The first extensive system that I'm aware of where any note of the scale could be "1" is in Athanasius Kircher's "Musurgia universalis" (1650), where Kircher uses the numbers 1-8 (where 8 and 1 are basically interchangable) to number the notes of the scale in any mode.  He provides tables for his 12-mode system showing how to convert between the numbers and notes (including common accidentals in each mode).  (See volume II, p. 51.)  The accidentals don't make a lot of sense in some of the modes -- I won't bother to try to explain what I think he was doing -- but the basic idea of numbering scale degrees as 1-8 is clearly present.  (For example, in many of the minor-ish modes, he calls for flatting 6 and raising 7.)

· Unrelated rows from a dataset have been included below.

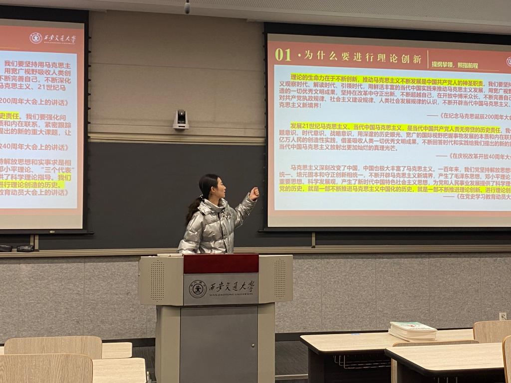 U8.COM(中国)有限公司学生微宣讲团成员、硕1173班班长张云月作主题为“坚持理论创新,展现马克思主义开放性和时代性”的宣讲。张云月就为什么要进行理论创新这一问题,带领大家学习了习近平总书记关于理论创新的讲话,结合马克思主义的发展史和世界各马克思主义政党实践史对这一问题作出进一步解答,并深入浅出地讲解了马克思主义中国化的三次飞跃。
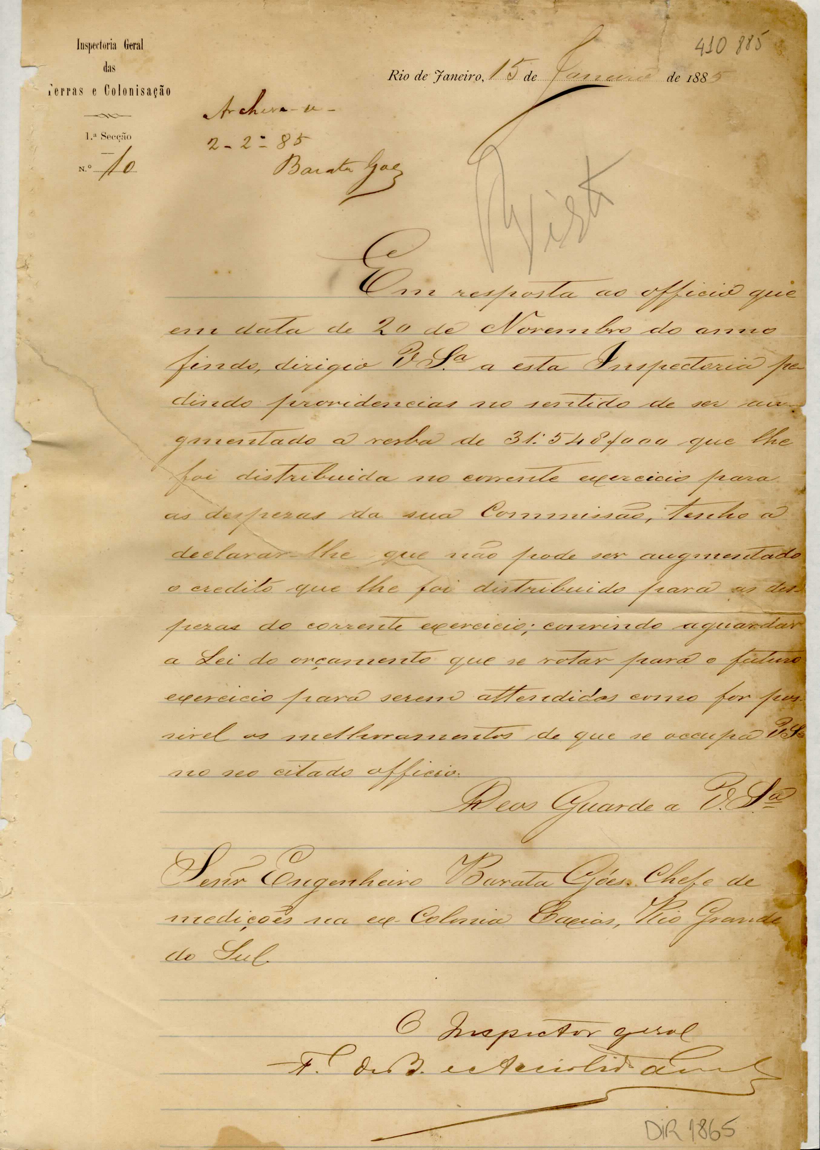 De Francisco de Barros e Accioli de Vasconcellos - Inspetor Geral das Terras e Colonização no RJ, para Manoel Barata Góes - Engenheiro Chefe de Medições na ex-Colônia Caxias. Assunto: questão de verbas; resposta ao pedido de aumento de verbas.
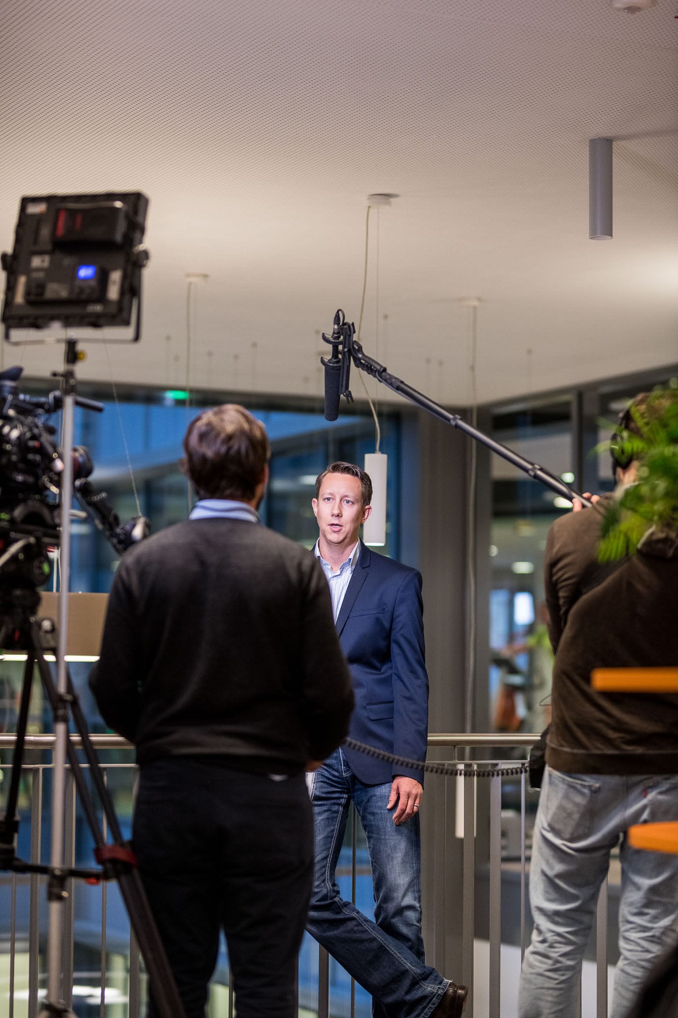 Dreh eines Interviews im Innenbereich mit Kameras
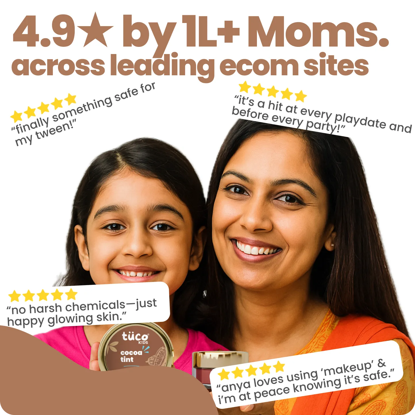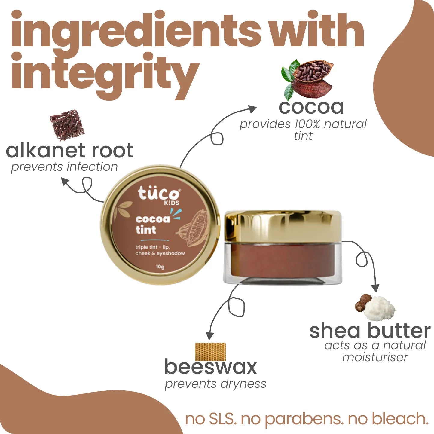 Absolutely, this 2-in-1 tint is 100% natural and safe to use on kids' lips and cheeks. It's formulated with organic cocoa powder, cocoa extract, shea butter, alkanet root powder, and beeswax, providing a natural and subtle tint while moisturizing and protecting the skin and lips.
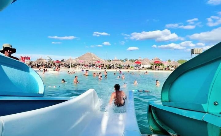El complejo cuenta con una piscina playa de 1500 m², complementada por toboganes que garantizan la diversión acuática.

In any case, he uses this system in dozens of tables to illustrate four-part composition.  See, for example: http://echo.mpiwg-berlin.mpg.de/ECHOdocuView?url=%2Fpermanent%2Flibrary%2FWFCRQUZK%2Fpageimg&mode=imagepath&pn=68

However, Kircher is not the first to use this idea, and I believe I've seen it in a few earlier Jesuit treatises in particular.  For example, Antoine Parran's "Traité de la musique théorique et pratique" (1639) has examples of his "Pratique de la Composition par nombres Arithmetiques."  He explains it thus: "Pour signifier et exprimer en chaque partie, Vt, ré, mi, 
fa, sol, la, nous mettons 1, 2, 3, 4, 5, 6: et pour monter 
plus haut adjouterons 7 et puis 8. sera le Diapason contre 
l'vnité" (p. 74).

See the example from p. 77 in this image: http://www.chmtl.indiana.edu/tfm/17th/PARTRA_24GF.gif

There may also be earlier sources than Parran.  But from his description, he may intend to limit this numerical scheme to notes corresponding to hexachords beginning on Ut, which would not allow it to be as movable as Kircher's method (and thus perhaps is not yet as developed an idea of "scale degree").

Lastly, I would note that the earliest use of the numbers 1-8 for anything resembling this idea is probably in Spanish tablature of the late 1500s and early 1600s (see description and examples in Apel's notation book).  However, I believe this was basically an octave-repeating system where the "white notes" were simply labeled 1-8, and other signs were used for octave designations.  So these weren't really "scale degrees," but rather alternative designations for the notes beginning on C.  (But perhaps someone else knows more about this -- I haven't really looked at these sources.)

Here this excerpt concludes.